→ **Records to process**
-- -- --

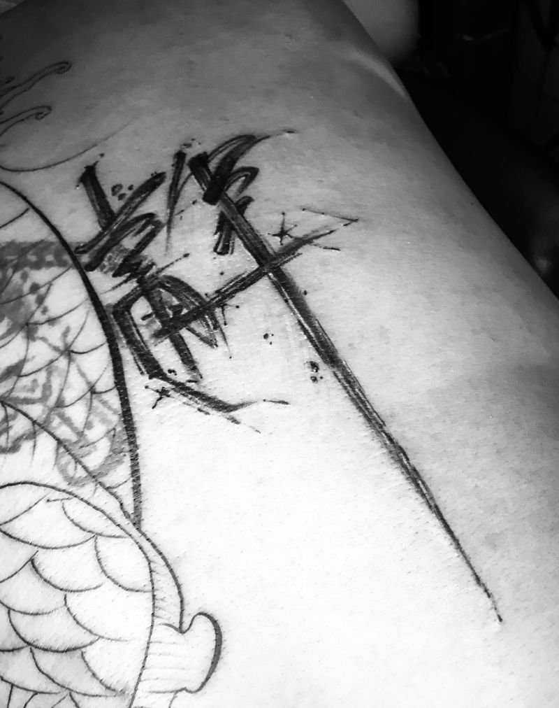 当前位置: 首页 >河北省承德市纹身店-成尧TATTOO纹身图案>水墨字体纹身图片_背部腰部水墨字体纹身图案
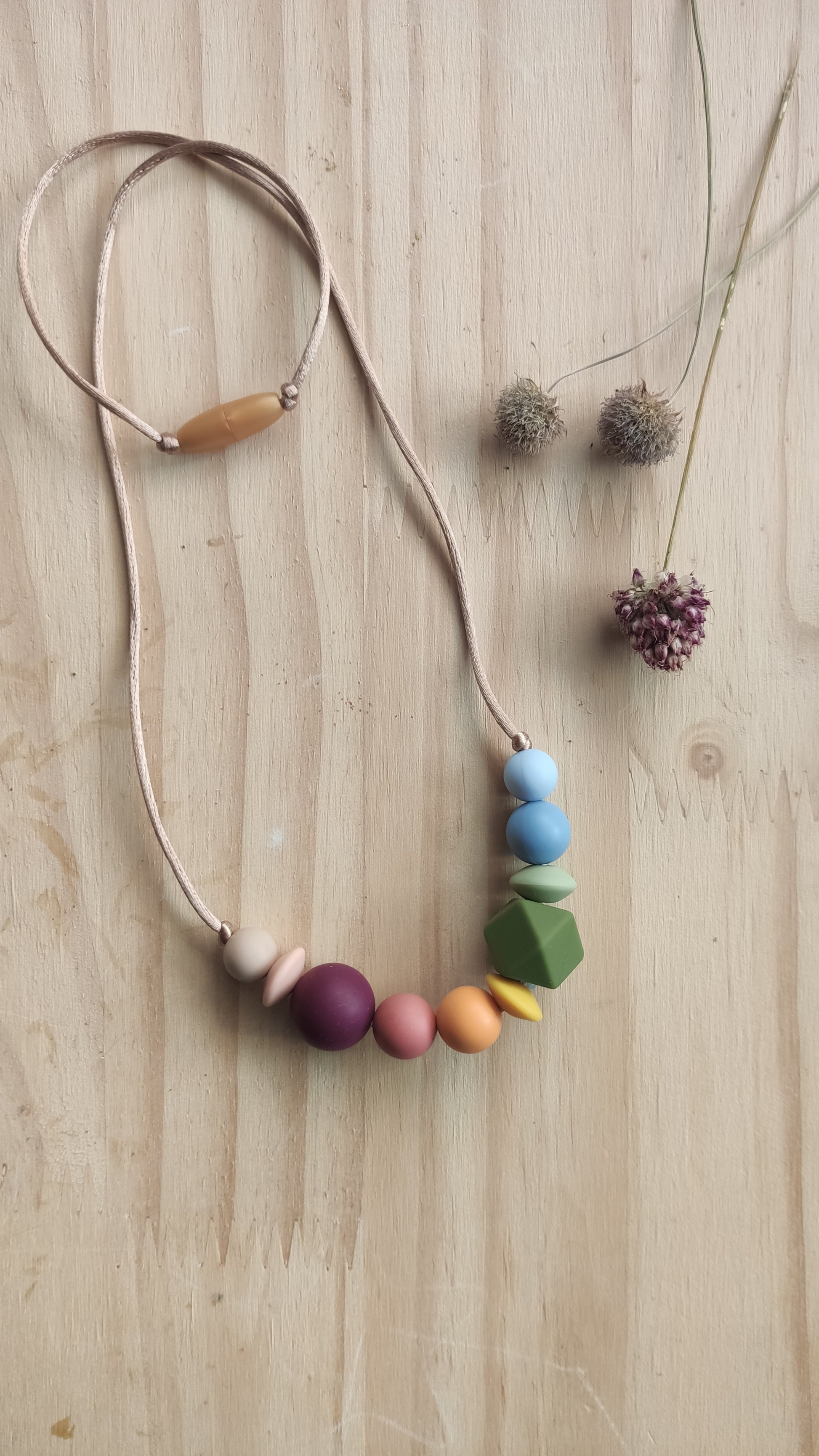 Estos collares sirven para entretener al bebé mientras das el pecho, toma biberón o incluso mientras porteas.
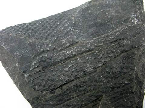 Smykke aftegninger af skæl og formodentlig et chamæleon lignende øje, flot aftrykt i basaltsten.
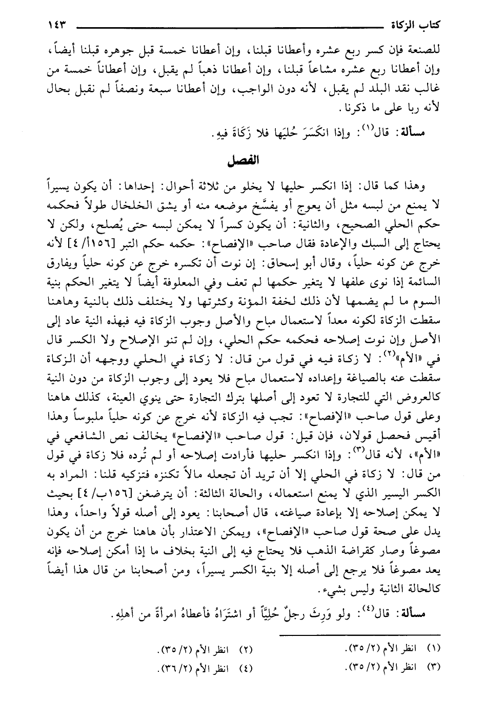 وهذا كما قال: إذا انكسر حليها لا يخلو من ثلاثةً أحوال: إحداها: أن يكون يسيرًا لا يمنع من لبسه مثل أن يعوج أو يفسخ موضعه منه أو يشق الخلخال طولًا فحكمه حكم الحلي الصحيح، والثانية: أن يكون كسرًا لا يمكن لبسه حتى يصلح، ولكن لا يحتاج إلى السبك والإعادةً فقال صاحب "الإفصاح": حكمه حكم التبر [165 أ/ 4] لأنه خرج عن كونه حليًا، وقال أبو إسحاق: إن نوت أن تكسره خرج عن كونه حليًا ويفارق السائمة إذا نوى علفها لا يتغير حكمها لم تعف وفي المعلوفةُ أيضًا لا يتغير الحكم بنية السوم ما لم يضمها لأن ذلك لخفةَ المؤنةً وكثرتها، ولا يختلف ذلك بالنيةً وهاهنا سقطت الزكاة لكونه معدا لاستعمال مباح، والأصل وجوب الزكاةَ فيه فبهذه النيةً عاد إلى الأصل وإن نوت إصلاحه فحكمه حكم الحلي، وإن لم تنو الإصلاح ولا الكسر قال في "الأم" (¬2): لا زكاة فيه في قول من قال: لا زكاة في الحلي ووجهه أن الزكاةً سقطت عنه بالصياغةً وإعداد، لاستعمال مباح فلا يعود إلى وجوب الزكاةً عن دون النيةً كالعروض التي للتجارةً لا تعود إلى أصلها بترك التجارةً حتى ينوي العينةً، كذلك هاهنا وعلى قول صاحب "الإفصاح": تجب فيه الزكاةً لأنه خرج عن كونه حليًا ملبوسًا وهذا أقيس فحصل قولان: فإن قيل: قول صاحب "الإفصاح" يخالف نص الشافعي في "الأم"؛ لأنه قال (¬3): وإذا انكسر حليها فأرادت إصلاحه أو لم ترده فلا زكاةً في قول من قال: لا زكاةً في الحلي إلا أن تريد أن تجعله مالًا تكنزه فتزكيه قلنا: المراد به الكسر اليسير الذي لا يمنع استعماله، والحالة الثالثة: أن يترضغن [(156) ب/4] بحيث لا يمكن إصلاحه إلا بإعادةُ صياغته، قال أصحابنا: يعود إلى أصله قولًا واحدًا، وهذا يدل على صحةُ قول صاحب "الإفصاح" ويمكن الاعتذار بأن هاهنا خرج من أن يكون مصوغًا وصار كقراضةَ الذهب فلا يحتاج فيه إلى النيةُ بخلاف ما إذا أمكن إصلاحه فإنه يعد مصوغًا فلا يرجع إلى أصله إلا بنية الكسر يسيرًا، ومن أصحابنا من قال هذا أيضًا كالحالة الثانية وليس بشيء.
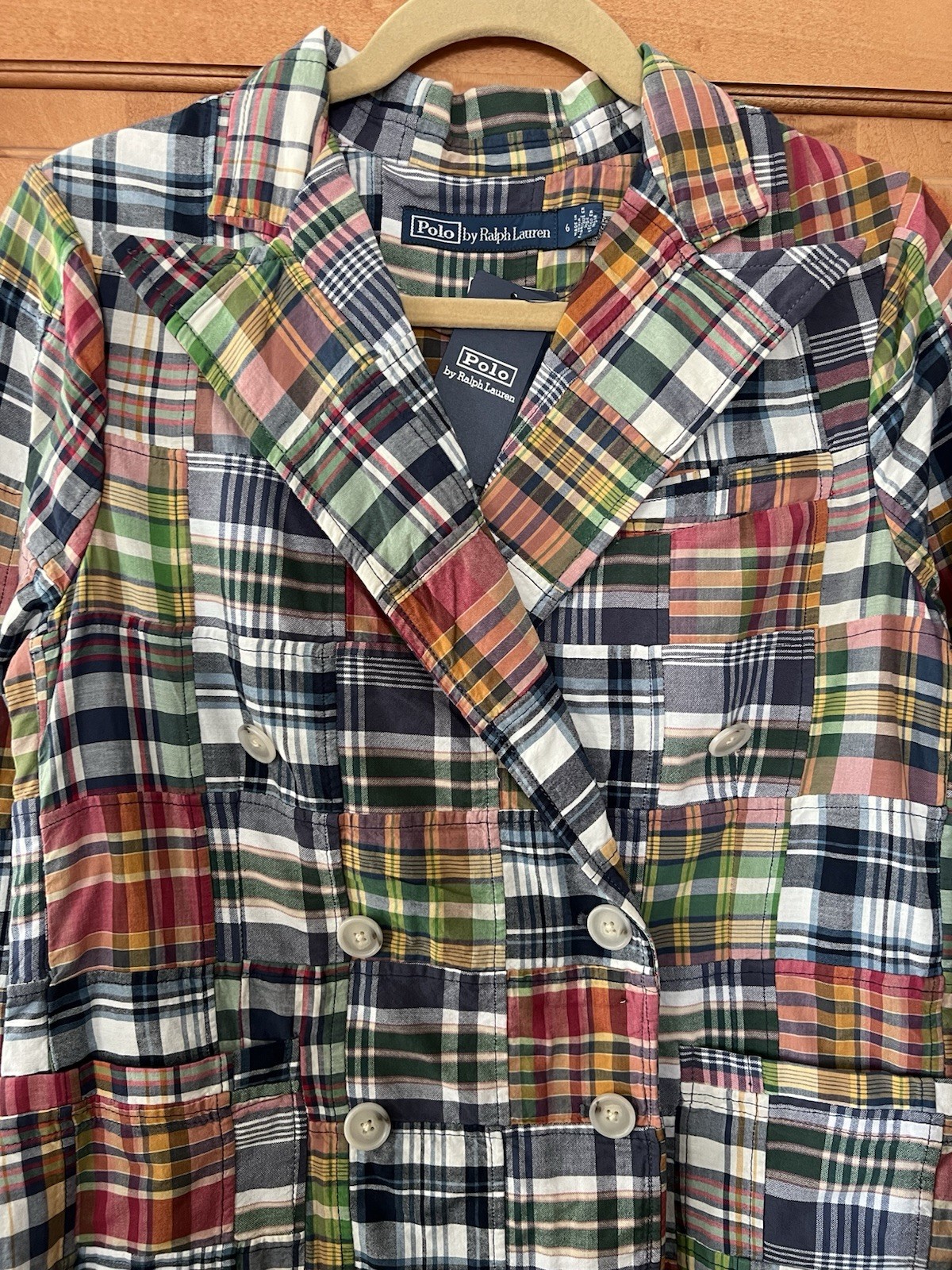 798 RALPH LAUREN Madras Plaid Women s Double Breasted Blazer - Size 6 - NWT
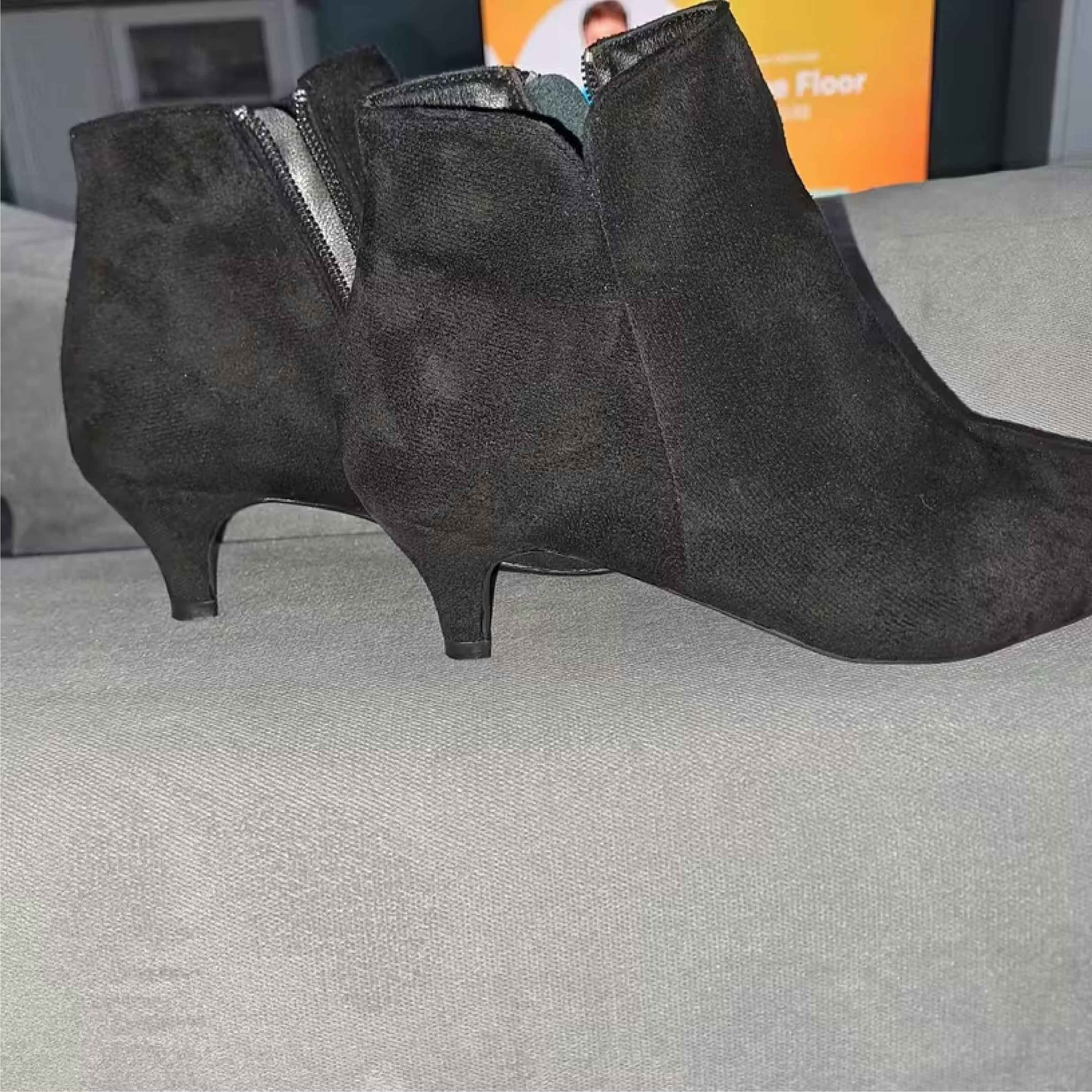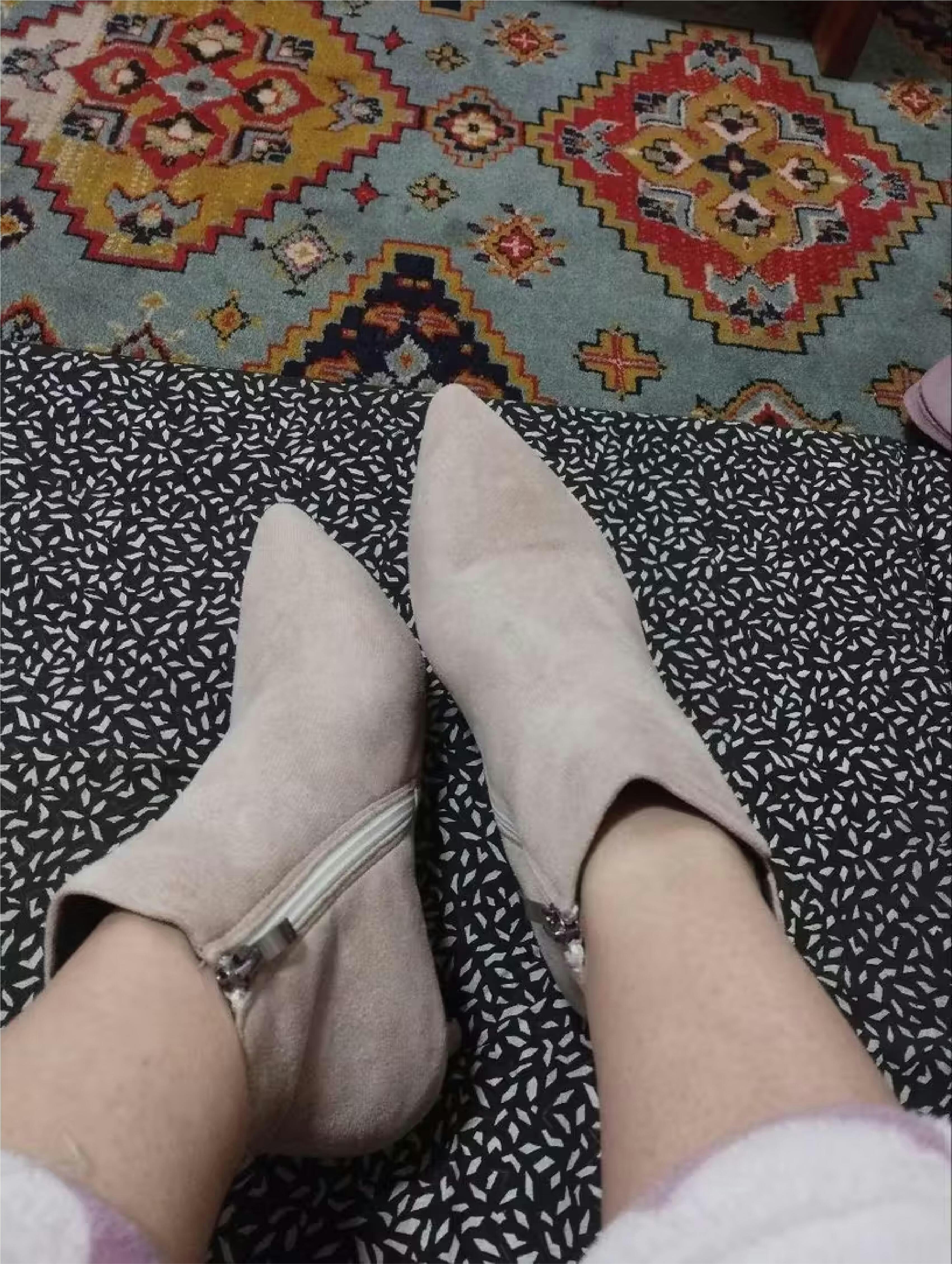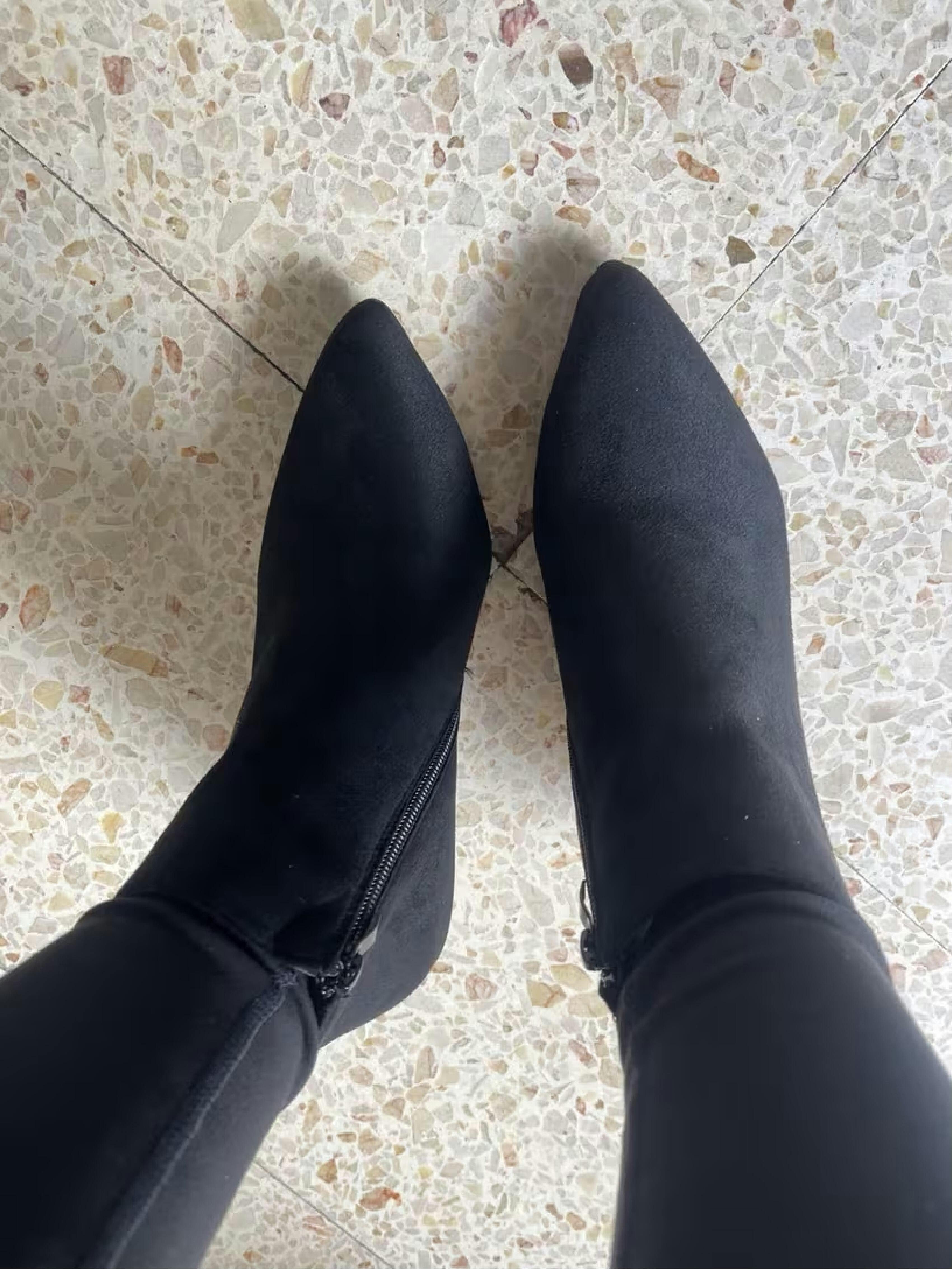 A biqueira pontiaguda é surpreendentemente confortável graças ao tecido flexível. São elegantes, aquecem bem e o fecho é prático.
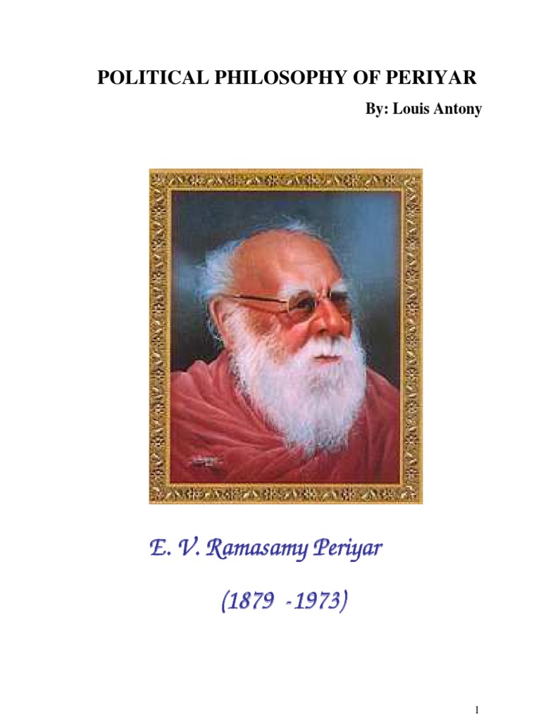 In this dissertation, I make an attempt to understand Periyar, his philosophy and his values. In the introductory chapter, I deal with the early life of Periyar, the South Indian situation during his time and the socio-political role of young E. V. R. Periyar. The second chapter deals with Periyars powerful philosophythe Self-Respect Movement. In this chapter, I have dealt with its origin, philosophy, meaning, politics, gains, etc. An attempt is also made to show the birth and present situation of Dravida Kazhagam. In the third chapter, I have elaborated Periyars views on womens rights. The fourth chapter portrays Periyars views on religion. The final chapter deals with the present political situation of India, particularly in Tamil Nadu. I have also made an effort to analyze the question, whether Periyar is a failure or an ideal for the present day.

-- -- --

→ **Exercise prompt**
Copy the data word for word. Pictures do not go in the copy.

→ **Answer to this task**
 当前位置: 首页 >河北省承德市纹身店-成尧TATTOO纹身图案>水墨字体纹身图片_背部腰部水墨字体纹身图案
 Estos collares sirven para entretener al bebé mientras das el pecho, toma biberón o incluso mientras porteas.
 Smykke aftegninger af skæl og formodentlig et chamæleon lignende øje, flot aftrykt i basaltsten.
 وهذا كما قال: إذا انكسر حليها لا يخلو من ثلاثةً أحوال: إحداها: أن يكون يسيرًا لا يمنع من لبسه مثل أن يعوج أو يفسخ موضعه منه أو يشق الخلخال طولًا فحكمه حكم الحلي الصحيح، والثانية: أن يكون كسرًا لا يمكن لبسه حتى يصلح، ولكن لا يحتاج إلى السبك والإعادةً فقال صاحب "الإفصاح": حكمه حكم التبر [165 أ/ 4] لأنه خرج عن كونه حليًا، وقال أبو إسحاق: إن نوت أن تكسره خرج عن كونه حليًا ويفارق السائمة إذا نوى علفها لا يتغير حكمها لم تعف وفي المعلوفةُ أيضًا لا يتغير الحكم بنية السوم ما لم يضمها لأن ذلك لخفةَ المؤنةً وكثرتها، ولا يختلف ذلك بالنيةً وهاهنا سقطت الزكاة لكونه معدا لاستعمال مباح، والأصل وجوب الزكاةَ فيه فبهذه النيةً عاد إلى الأصل وإن نوت إصلاحه فحكمه حكم الحلي، وإن لم تنو الإصلاح ولا الكسر قال في "الأم" (¬2): لا زكاة فيه في قول من قال: لا زكاة في الحلي ووجهه أن الزكاةً سقطت عنه بالصياغةً وإعداد، لاستعمال مباح فلا يعود إلى وجوب الزكاةً عن دون النيةً كالعروض التي للتجارةً لا تعود إلى أصلها بترك التجارةً حتى ينوي العينةً، كذلك هاهنا وعلى قول صاحب "الإفصاح": تجب فيه الزكاةً لأنه خرج عن كونه حليًا ملبوسًا وهذا أقيس فحصل قولان: فإن قيل: قول صاحب "الإفصاح" يخالف نص الشافعي في "الأم"؛ لأنه قال (¬3): وإذا انكسر حليها فأرادت إصلاحه أو لم ترده فلا زكاةً في قول من قال: لا زكاةً في الحلي إلا أن تريد أن تجعله مالًا تكنزه فتزكيه قلنا: المراد به الكسر اليسير الذي لا يمنع استعماله، والحالة الثالثة: أن يترضغن [(156) ب/4] بحيث لا يمكن إصلاحه إلا بإعادةُ صياغته، قال أصحابنا: يعود إلى أصله قولًا واحدًا، وهذا يدل على صحةُ قول صاحب "الإفصاح" ويمكن الاعتذار بأن هاهنا خرج من أن يكون مصوغًا وصار كقراضةَ الذهب فلا يحتاج فيه إلى النيةُ بخلاف ما إذا أمكن إصلاحه فإنه يعد مصوغًا فلا يرجع إلى أصله إلا بنية الكسر يسيرًا، ومن أصحابنا من قال هذا أيضًا كالحالة الثانية وليس بشيء.
 798 RALPH LAUREN Madras Plaid Women s Double Breasted Blazer - Size 6 - NWT
 A biqueira pontiaguda é surpreendentemente confortável graças ao tecido flexível. São elegantes, aquecem bem e o fecho é prático.
 In this dissertation, I make an attempt to understand Periyar, his philosophy and his values. In the introductory chapter, I deal with the early life of Periyar, the South Indian situation during his time and the socio-political role of young E. V. R. Periyar. The second chapter deals with Periyars powerful philosophythe Self-Respect Movement. In this chapter, I have dealt with its origin, philosophy, meaning, politics, gains, etc. An attempt is also made to show the birth and present situation of Dravida Kazhagam. In the third chapter, I have elaborated Periyars views on womens rights. The fourth chapter portrays Periyars views on religion. The final chapter deals with the present political situation of India, particularly in Tamil Nadu. I have also made an effort to analyze the question, whether Periyar is a failure or an ideal for the present day.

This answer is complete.